In the supply of Ethicals to hospitals, direct supply by manufacturers may operate as a constraint on the parties in respect of a limited product range.  The evidence, however, indicates that the most likely source of constraint may be expected to come from other Full-liners.  It appears that the merger may create a duopoly among Full-liners in some parts of the Relevant Area and lead to a reduction in potential suppliers from four to three in other parts.  Hospitals expressed particular concerns about this reduction in choice and potential adverse impact upon service levels.

In these circumstances, the OFT believes that it is or may be the case that the creation of the relevant merger situation may be expected to result in a substantial lessening of competition within a market or markets in the United Kingdom for goods or services, namely the supply of Pharmaceuticals to retail pharmacies, dispensing doctors and hospitals in the East Anglia region, extending to parts of the East Midlands and the South East of England.  The likely adverse effects might be expected to be: a reduction in the level of discounts paid to customers; and/or other less favourable terms of supply; and/or a general reduction in service levels.

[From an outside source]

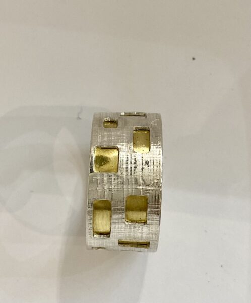 22k & sterling band ring by Vicki Marinko Published: April 7, 2022 (4 years ago) Contact For Pricing CategoryART MEDIUM - 2DART MEDIUM - 3D ARTART MEDIUM - 3D ART / Jewelry Location 1331 4th St. San RafaelSterling silver and 22k gold band ring with cut out squares Send Message 415 ... show phone Your Name * Your Email * Subject * Message * Website Address

UNDERTAKINGS IN LIEU OF REFERENCE

The OFT therefore considers that it is under a duty to make a reference under section 33(1) of the Act.  Pursuant to section 73(2) of the Act, the OFT may, instead of making such a reference, accept undertakings for the purposes of remedying, mitigating or preventing the substantial lessening of competition concerned or any adverse effect which may be expected to result from it.  Having reached a reference conclusion, the OFT has considered whether there might be undertakings in lieu of reference which would address the concerns outlined above. Given that this transaction concerns the acquisition of a single depot, the OFT does not believe that divestment undertakings would be appropriate.  The concerns identified above relate largely to service levels and it is not considered that behavioural undertakings would adequately remedy such concerns.

DECISION

This merger will therefore be referred to the Competition Commission under section 33(1) of the Act.